Guida alla coltivazione della valerianella biologica

 

Prenditi un po’ di valeriana! Chi non lo ha detto riferendosi a una persona un po’ troppo agitata? Un’alternativa, sicuramente meno diffusa, alla più classica camomilla. Un tempo la famiglia delle valerianacee era pressoché sconosciuta mentre più recentemente è tornata in auge soprattutto grazie al successo della cosiddetta quarta gamma. Insalate pulite, lavate e confezionate in buste: la valerianella è ora protagonista di una seconda giovinezza che la sta diffondendo sulle tavole degli italiani. Piccole e tenere foglioline di colore verde intenso, già mondate, solo da condire con un filo d’olio sono davvero troppo comode, anche se dal sapore vagamente industriale, per non essere consumate in grande quantità. Ma chi volesse togliersi la soddisfazione di coltivare direttamente la valerianella – risparmiando non poco sul costo della pur comodissima insalata in busta – può farlo senza particolari difficoltà. Questo ortaggio, infatti, si adatta molto bene alla coltivazione sia nell’orto domestico sia in contenitore dal momento che richiede spazi davvero ridotti.

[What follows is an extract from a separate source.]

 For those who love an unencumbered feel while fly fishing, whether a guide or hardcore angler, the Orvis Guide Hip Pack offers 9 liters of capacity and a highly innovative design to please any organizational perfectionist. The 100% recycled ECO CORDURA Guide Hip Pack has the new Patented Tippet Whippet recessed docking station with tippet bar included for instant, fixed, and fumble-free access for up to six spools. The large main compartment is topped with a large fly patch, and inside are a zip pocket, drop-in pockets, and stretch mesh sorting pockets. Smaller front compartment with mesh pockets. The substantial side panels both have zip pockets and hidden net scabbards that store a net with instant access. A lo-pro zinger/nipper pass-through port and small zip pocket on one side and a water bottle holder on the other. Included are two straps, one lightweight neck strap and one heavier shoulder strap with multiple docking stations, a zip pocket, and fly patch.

La Valerianella, un’alleata della buona nutrizione

Inoltre, la valerianella è senza dubbio una delle insalate più amate dai bambini. Un motivo in più per valutarne la coltivazione, anche perché, sebbene da un punto di vista energetico apporti un quantitativo quasi nullo di calorie (dieci calorie per ogni etto di prodotto), dal punto di vista nutrizionale presenta un buon contenuto di sali minerali (tra i quali spicca il ferro) e vitamine (in particolare A e C). D’altra parte, il nome di questo ortaggio deriva dal latino “stare bene, essere in salute”, a sottolineare la valenza medicinale della grande famiglia botanica delle valerianacee (a onore del vero, le proprietà depurative, emollienti e calmanti più marcate sono in ogni caso possedute dalla “sorella” maggiore valeriana, Valeriana officinalis).

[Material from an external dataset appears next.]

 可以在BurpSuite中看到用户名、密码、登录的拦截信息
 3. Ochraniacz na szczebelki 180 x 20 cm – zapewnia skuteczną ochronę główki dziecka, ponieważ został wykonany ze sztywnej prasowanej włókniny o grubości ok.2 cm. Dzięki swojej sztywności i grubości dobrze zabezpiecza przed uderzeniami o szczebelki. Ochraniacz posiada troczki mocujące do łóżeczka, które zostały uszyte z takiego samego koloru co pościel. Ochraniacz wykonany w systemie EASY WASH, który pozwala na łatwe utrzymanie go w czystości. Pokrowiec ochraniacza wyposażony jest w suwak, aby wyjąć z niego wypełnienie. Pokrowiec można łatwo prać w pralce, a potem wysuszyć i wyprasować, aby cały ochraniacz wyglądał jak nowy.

Descrizione della Valerianella

La valerianella (o soncino oppure songino) è una specie spontanea di origine mediterranea (conosciuta anche con i nomi regionali di lattughella, dolcetta o gallinella). In natura, questa specie (Valerianella locusta) ha un ciclo annuale: nella fase iniziale viene prodotta una rosetta di foglie di forma spatolata e di colore verde lucido lunghe sino a 10 centimetri. In tarda primavera si ha lo sviluppo del fiore, a seguito della fecondazione del quale si ha la produzione dei frutti di colore grigio chiaro – correttamente definiti acheni – che vengono impiegati per la semina. I semi sono molto piccoli (1.000 semi pesano tra i due e i quattro grammi). Inutile dire che la fase riproduttiva serve, appunto, solo per la produzione dei semi e che il ciclo produttivo deve essere interrotto prima dell’emissione dello stelo fiorale al pari di tutte le insalate.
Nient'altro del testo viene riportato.